Als A1-Version oder offen mit bis zu 50 kW (68 PS)

Auch die A1-Version der Honda WN7, in der Dauerleistung auf die erlaubten 11 kW (15 PS) gedrosselt, drückt diese 100 Nm. Die offene Variante bietet 18 kW (25 PS) Dauerleistung und 50 kW (68 PS) in der Spitze, die Vmax wird bei 130 km/h abgeregelt. Der Rekuperationsgrad kann übrigens individuell und unabhängig vom gewählten Modus in 4 Stufen eingestellt werden, was nicht nur den Spieltrieb fördert, sondern oftmals auch den Einsatz der Bremse erspart. Zudem gibt es einen Tempomat, einen frei einstellbaren Speedlimiter sowie eine elektrische Rangierhilfe vorwärts wie rückwärts. Und die weitgehende Absenz von Geräuschen macht die Honda WN7 als Gesamtkonzept komplett, jedenfalls für viele in ihrer Zielgruppe.

Straffer Sitzkomfort wie auf einer Hornet

Von den Abmessungen und der Ergonomie her unterscheidet sie sich kaum von der Hornet 750, der elektrische Reiter ist also aktiv-komfortabel auf der überraschend straffen Bank untergebracht. Ebenso straff ist die Abstimmung des bis auf die hintere Federvorspannung fixen Fahrwerks. Zwar gibt es Dämpfung satt für die Momente, in denen es arg pressiert, doch dürfte das Ansprechverhalten besonders der 43er-USD-Gabel auf kleinere Unebenheiten durchaus sensibler sein.

Ladedauer zwischen 30 Minuten und 5,5 Stunden

Bei der Präsentation der Honda WN7 mussten sich die angereisten Pressevertreter nicht um das Laden kümmern. Generell lässt sich die WN7 mit Typ-2-Stecker oder mit dem deutlich schnelleren CCS2-Anschluss laden, wobei im Serienumfang lediglich ein Schuko-auf-Typ-2-Kabel enthalten ist, mit dem das Laden von 0 auf 100 Prozent 5,5 h dauert. Deutlich schneller, nämlich in 2,4 h, geht es mit einem Typ-3-Kabel, welches es als Original-Zubehör gibt. Das wesentlich praxisnähere Laden von 20 auf 80 Prozent ist damit in deutlich flotteren 45 Minuten erledigt.

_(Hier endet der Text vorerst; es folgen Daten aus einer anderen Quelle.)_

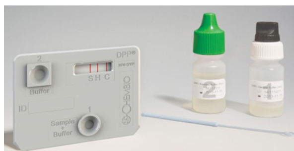
Figure 3 Chembio point-of-care test kit. DPP, dual path platform.

The tests to be evaluated will be SD Bioline HIV/Syphilis Duo (Abbott Diagnostics, USA; hereafter termed Bioline POCT) (figure 2) and Chembio Dual Path Platform (DPP) HIV-Syphilis Assay (Chembio, United States; hereafter termed Chembio POCT) (figure 3). Both will be single-use qualitative immunochromatographic assays for the simultaneous detection of antibodies against HIV types 1 and 2 (HIV 1/2) and/or Treponema pallidum (TP) in human serum, plasma, whole venous or finger pricked blood. In 2015, the Bioline POCT was accepted for the WHO list of prequalified in vitro diagnostics. 19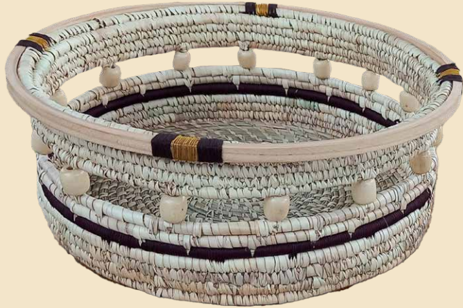
Storage Basket Code | KSB002 Size | 12" x 12" x 4" Price | Rs. 325/-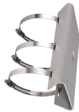
DS-1275ZI-SUS Vertical Pole Mount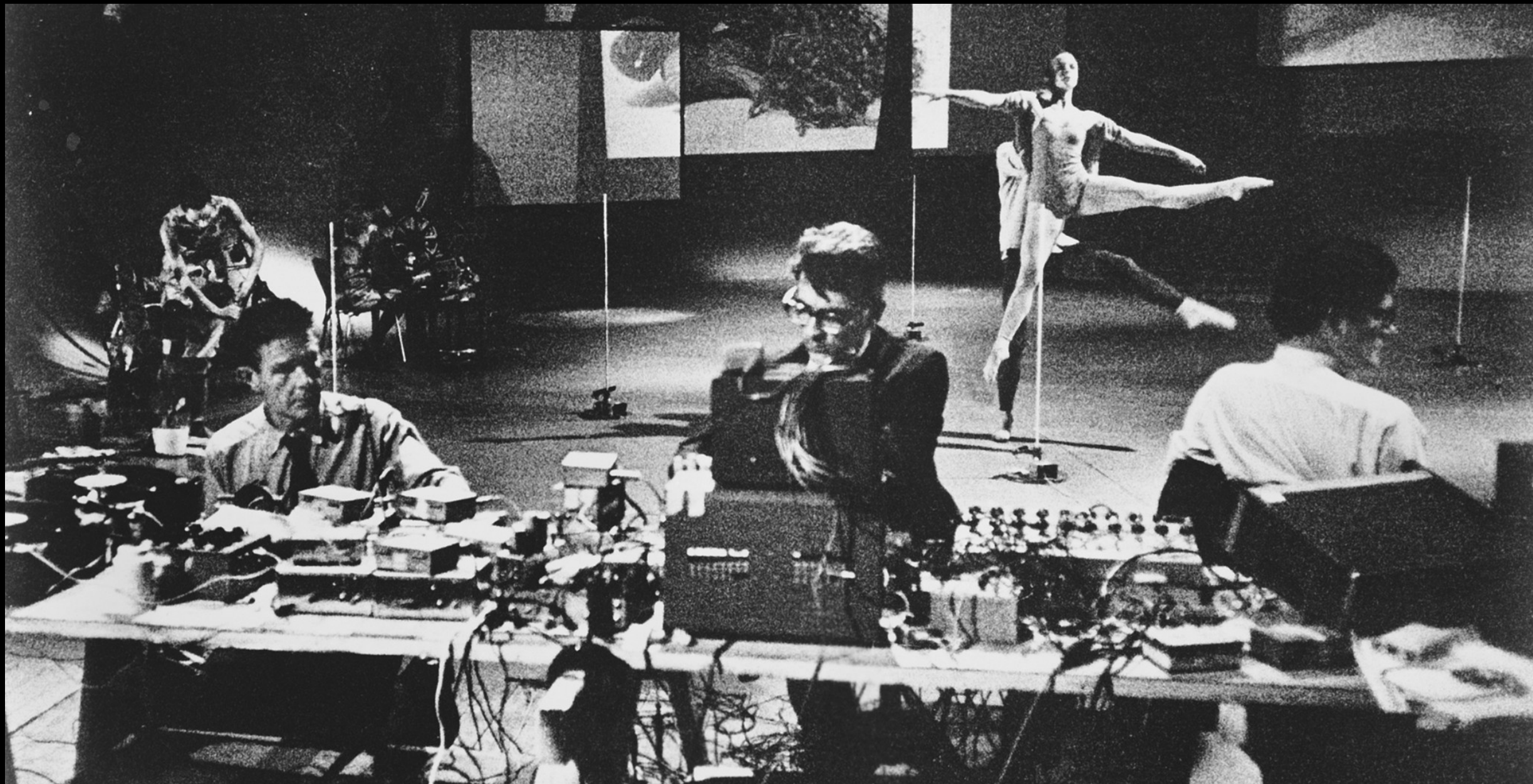
John Cage & Merce Cunningham, Variations V

Nochmals schneller, nämlich in 30 Minuten, geht die Prozedur mit dem CCS2-Anschluss.

Honda WN7 – ein weiterer Elektro-Exot?

Wobei das alles entsprechende Hardware als Zubehör zur Honda WN7 erfordert, das man zur Verfügung hat, oder eben nicht. Honda sieht die WN7 als "Commuting-Bike" für Ballungsgebiete. Grundsätzlich keine schlechte Idee, doch dafür wären zumindest ein bisschen Wind-und Wetterschutz sowie wenigstens ein kleiner Gepäckträger sehr hilfreich. Honda selbst bietet nur eine kleine Soft-Tasche für den Sozius an. Und so wird wohl auch die WN7 ein Elektro-Exot bleiben. Preis 2026 in Deutschland: 14.780 Euro plus 629 Euro Liefernebenkosten.